Market Supply

The regional power supply has access to two separate market supplies for energy. The first source is from neighboring regions who often have excess generating capacity during their non-peak seasons. For example, because California’s peak demands occur in summer, it should have surplus generating capability during winter, when the Northwest generally has its highest peak demands. Historically, the California market supply has been relatively expensive because marginal resources (next cheapest resources to operate) have typically been coal or gas-fired generators. Thus, most often the California market was used for adequacy needs in the Northwest.

However, enactment of West-wide clean air laws and policies, are leading to a very large buildout of renewable resources, in particular solar generation. Because of the anticipated high amount of new solar generating capability, the magnitude and price of the Southwest market is expected to change. Electricity pricing models show greater amounts of Southwest market supply, with mid-day prices dropping to very low or negative values. This expected change in the out-of-region market means that it will be accessed not only for Northwest adequacy needs but also for economic opportunities when market prices are below regional resource operating costs (including hydro). Market prices are expected to be lowest during the hours after the California morning demand ramp and before its evening ramp (as solar generation diminishes). Highest market prices are expected during a 2-hour morning period and during a 6-hour evening ramp period (see figure below).

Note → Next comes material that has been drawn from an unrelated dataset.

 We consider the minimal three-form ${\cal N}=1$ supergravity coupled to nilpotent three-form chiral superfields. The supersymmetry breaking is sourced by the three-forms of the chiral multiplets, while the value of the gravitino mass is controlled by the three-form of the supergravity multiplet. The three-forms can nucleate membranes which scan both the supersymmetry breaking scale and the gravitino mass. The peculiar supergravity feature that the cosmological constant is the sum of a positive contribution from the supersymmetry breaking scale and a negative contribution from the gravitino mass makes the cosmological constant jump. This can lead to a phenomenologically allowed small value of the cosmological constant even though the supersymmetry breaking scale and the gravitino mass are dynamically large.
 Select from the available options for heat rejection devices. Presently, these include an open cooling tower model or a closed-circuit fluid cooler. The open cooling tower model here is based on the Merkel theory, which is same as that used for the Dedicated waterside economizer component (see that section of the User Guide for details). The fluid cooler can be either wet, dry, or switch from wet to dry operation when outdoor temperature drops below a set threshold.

Illustration of California Market Prices in Summer

The figures below show redeveloped GENESYS results for average energy imported over each hour of the day and maximum energy imported over each hour of the day in December and August. Please note that the scales in the charts below are different. Imports in December are limited to a maximum of 2,500 megawatts per hour and in August to a maximum of 1,250 megawatts per hour. These limitations are recommended by the Resource Adequacy Advisory Committee.   

Average and Maximum Hourly Imported Energy

The second source of market supply is from regional independent power producers (IPP). The in-region market is mostly comprised of gas-fired generators with an aggregate nameplate capacity of about 2,400 megawatts. Even though these resources are physically located within the Pacific Northwest region, their generation is available to anyone. Figures below show the redeveloped GENESYS results for average and maximum hourly energy purchased from IPP resources in December and in August. On average (blue area), very little IPP energy is purchased, however, in the highest hour (out of 180 simulations) IPP generation was about 1,000 megawatts in December and about 1,200 megawatts in August.  

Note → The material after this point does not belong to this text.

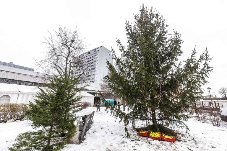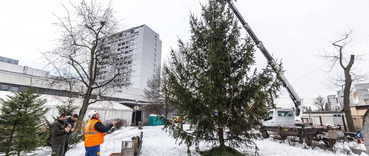 Tako so pred Univerzitetnim kliničnim centrom postavili in okrasili tri manjše in eno veliko božično smrečico, tri smrečice pa bodo postavili tudi v notranje prostore.

Average and Maximum Hourly IPP Energy Purchases

Hydroelectric System Generation

Aggregate Hydro Generation

Comparing aggregate hydroelectric system generation from the redeveloped GENESYS to results from the classic model and to historic (observed) generation is difficult for many reasons. First, operating constraints do not stay constant over time. For example, operations to improve fish survival have changed significantly over the past decade. Second, historically observed natural river flows are different from climate change projected flows used in the models, both in terms of total volume and seasonal shape. Third, the redeveloped GENESYS treats more hydroelectric projects as reservoirs than do HYDSIM and the classic GENESYS models and, therefore has more useable storage (see section on operating constraints for more detail). Fourth, the new model simulates hydro plant operations hourly, whereas both the classic GENESYS and HYDSIM simulate plant-specific operations monthly. Fifth, the redeveloped GENESYS simulates WECC-wide market transactions, including both imports and exports. The HYDSIM model includes a fixed amount of market sales, and the classic GENESYS does not model out-of-region sales. In addition, there may be other valid reasons why the redeveloped GENESYS aggregate annual and monthly hydro generation should differ from historical data and from the classic model results.  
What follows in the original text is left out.